Pakistani PM Fires Defense Secretary
January 11, 2012
Pakistan's prime minister has dismissed the country's defense secretary, retired Lieutenant General Naeem Khalid Lodhi, in a move expected to increase tensions between Pakistan's powerful military and its civilian leadership.
Prime Minister Yousuf Raza Gilani's office said in a statement that Lodhi was fired for "gross misconduct and illegal action which created misunderstanding" between state institutions.

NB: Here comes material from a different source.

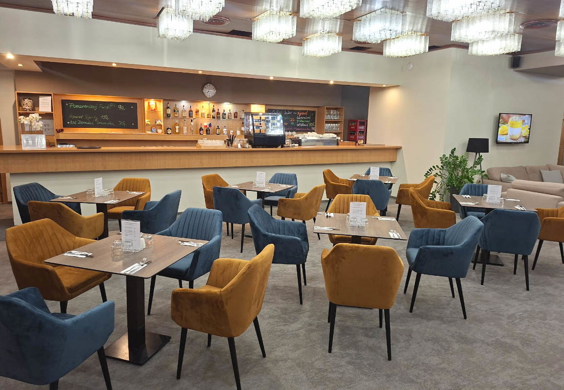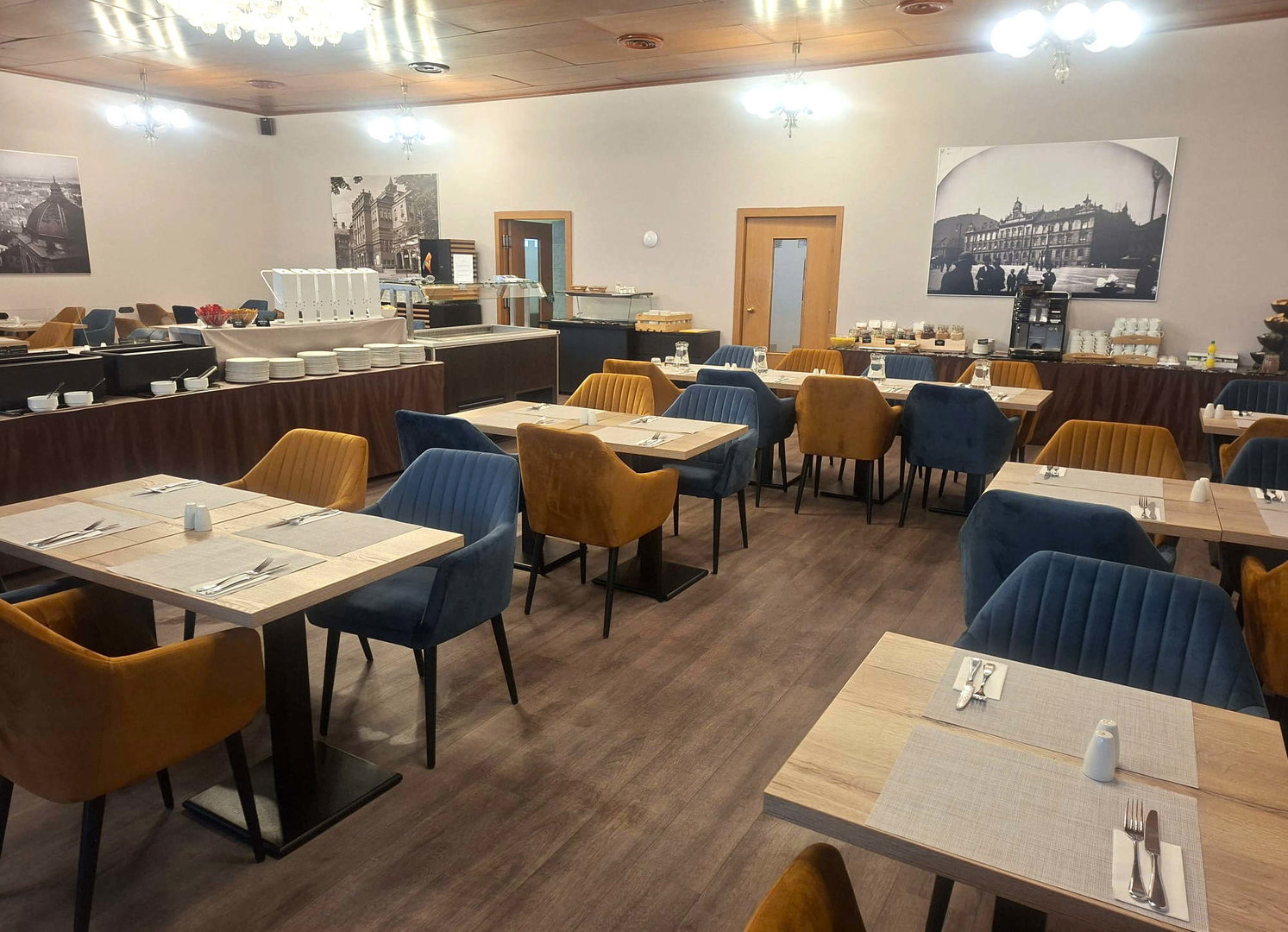 V kavárně hotelu Cascade v Mostě nabízí pohodlné posezení křesla ALFONSE Velvet v modré a zlaté barvě. Stoly mají praktickou centrální podnož BASIC 029 v černé barvě a odolnou laminovanou stolovou desku v dekoru světlého dřeva.

Lodhi's dismissal comes amid an ongoing dispute between the civilian government and Pakistan's military over an unsigned memo asking for U.S. help to rein in Pakistan's generals after the U.S. raid that killed Osama bin Laden in northern Pakistan in May.
The scandal broke out three months ago when an American-Pakistani businessman, Mansoor Ijaz, alleged in a "Financial Times" newspaper column that a senior Pakistani diplomat had asked that the memo be delivered to the U.S. Defense Department.
Ijaz later claimed the diplomat was Pakistan's then-ambassador to the United States, Husain Haqqani, an ally of President Asif Ali Zardari who is disliked by Pakistani military officials because of his strong advocacy of civilian supremacy.
Haqqani denied any connection with the memoir but resigned as ambassador. Pakistan's Supreme Court has set up a judicial commission to investigate the memo.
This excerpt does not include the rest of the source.